Beat Cop is indie studio Pixel Crow’s first foray into the market, and the Polish development duo have stated that their aim is to focus on cross-platform availability, with a pixel art style. Whilst it’s essentially a basic point-and-click affair, giving out parking tickets and catching thieves, the simplicity of the concept has allowed for a strong focus on building a world. Though there were only five chapters available to play, I can already tell you that the owner of the local diner has a soft heart beneath their business-like exterior, one of my colleagues is a love rat, and that certain local shopkeepers are not all that they seem. Decision making is crucial, and though you will find yourself quickly becoming immune to excuses, you’ll probably surprise yourself at how easily a bribe or two just becomes part of the day. So, too, will you find your relationships with local underground elements being more complex than you may have expected.
From the get go, I loved the title music and intro trailer, with the music bringing a very 80s cop-show feel to proceedings. A lot of the written dialogue is quite tongue-in-cheek, and you may find yourself sometimes wondering how much is meant to be taken seriously. We’re told, for example, that there are ‘no normal Italians’ in the city – implying that they are all mafia – and residents routinely complain about the number of ‘blacks stealing things’. Perhaps the low-fi format loses a little in translation here, but then I suspect that this is the entire point.
As I said before, the gameplay is very simple, but you’ll soon find yourself immersed in the action around you. The hot bar, always onscreen, benefits greatly from this simplicity. Here you can access all of the items you need, from your notebook to your radio to your gun, though I wasn’t occasioned to discharge my weapon. It is really refreshing, in a world of increasingly myriad menus and sub-menus, to have everything available onscreen.

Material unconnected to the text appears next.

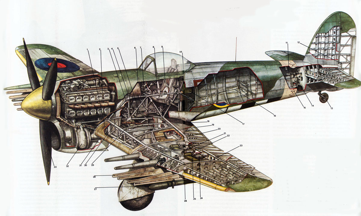 1 Топливный бак передней кромки 2 Двигатель Napier Sabre II 3 Ребро жесткости гидравлического резервуара 4 Педали руля направления 5 Подпятники 6 Ребро маслобака 7 Приборная панель 18 Пушка управления двигателем (четыре) 9 Кресло пилота 10 Кислородный баллон 11 Весовая балансировка руля высоты 12 Рама руля направления (четыре на каждом крыле) 13 Убирающееся хвостовое колесо 14 Управление рулем высоты 15 Накладка хвостового шарнира 16 Тросы управления 17 Радиооборудование 18 Нескользящая дорожка 19 Топливный бак 20 Внутренняя нервюра крыла 21 Промежуточное крыло 22 Заднее крепление 23 Внешняя ребро жесткости крыла 24 20-мм пушка Hispano Mk 25 Ящик с боеприпасами 26 Домкрат закрылков 27 Неуправляемые ракеты 601b UP HE 28 Направляющие ракет 29 Воздуховод обогрева орудийного отсека 30 Нервюра корня крыла 31 Створка радиатора Домкрат 32 Радиатор 33 Трехлопастной винт D H

The day – each one representing a chapter – does seem a little frenetic, particularly as your objectives rapidly stack up, and a slightly longer time cycle for your shift would really let you submerge yourself a little more into the world. Though this is mainly a matter of personal preference, I really feel that there was so much content that I didn’t have the opportunity to discover due to needing to meet my daily ticket quota and run after thieves. It’s understandable that there needs to be a certain atmosphere of not having enough hours in the day, but even a few minutes extra would improve the experience immeasurably.

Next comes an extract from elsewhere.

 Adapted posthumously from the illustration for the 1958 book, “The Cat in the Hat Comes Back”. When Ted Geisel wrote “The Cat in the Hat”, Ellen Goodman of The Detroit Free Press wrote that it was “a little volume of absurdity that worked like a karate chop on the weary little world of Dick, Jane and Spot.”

At the end of each day, your relationship with various factions is reported, and this is the main draw for replayability; will you be a model police officer, pleasing your superiors? Will you broker deals with the local gang or mafia? Will you try and play everyone off against each other? For my play-through, I gave short shrift to criminal elements, though that’s not to say that I didn’t take a handy tip-off or two from the mafia to search a gang van or break up a meeting. The stories that began to unfold seemed directly influenced by my actions, and you should definitely to look to re-play this game in more than one way to get the most out of it.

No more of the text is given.